One of the many unions that stand behind the campaign in the city is the United Federation of Teachers, which represents 200,000 New York City public teachers. “The way our society is now headed it does not work for 99% of people,” said the union’s president in a statement, “so when Occupy Wall Street started … they kept to it and they’ve been able to create a national conversation that we think should have been going on for years.”
A big part of what’s spurring the movement’s rapid growth is police brutality and the arrests, to date, of over 1,000 protesters. Banners proclaiming things like “Peaceful campaigners arrested: 1,000; Crooked bankers arrested: 0,” have voiced an anger that’s reaching universities – a nationwide college student walkout has been called for noon on Wednesday – and therefore forcing the mainstream media to pay attention.
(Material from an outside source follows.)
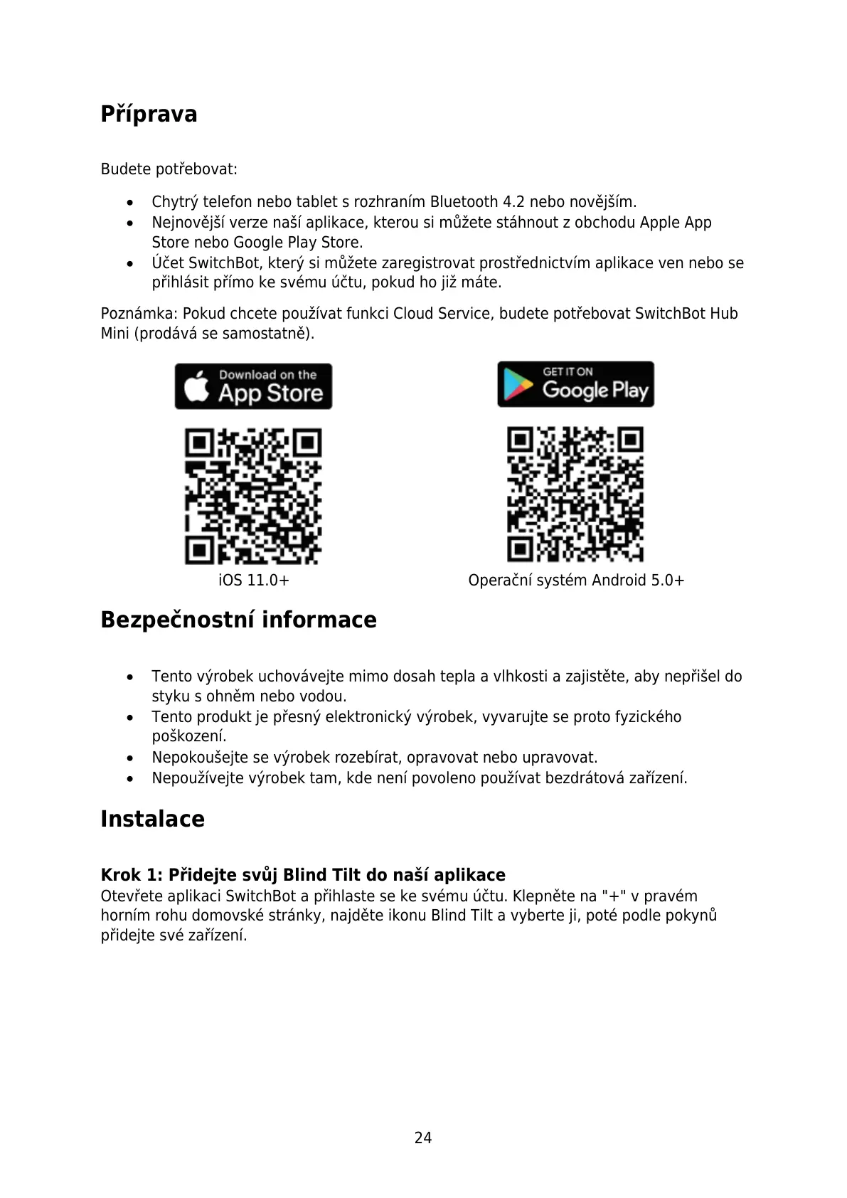 Poznámka: Pokud chcete používat funkci Cloud Service, budete potřebovat SwitchBot Hub

Even Fox, the mouthpiece of the Right, has had to hit back with venom at a phenomenon it can no loner ignore.
One of Fox’s strategies has been to highlight the observations of conservative columnist Michelle Malkin, who noted that the protesters have taken to calling themselves the “99 percent” in the country, labeling the capitalists they wish to remove from power the other “1 percent” – which is ironic, she said, because the crowds are mostly white. “When Occupy Wall Street activists call themselves the ‘99 percent,’ it turns out they mean 99 percent non-diverse (by their own politically correct measurements),” Malkin wrote to Fox Nation in an email. Even more ironic, though, was the photograph Fox used to illustrate the story: the majority of the faces in the crowd are anything but white (see link below).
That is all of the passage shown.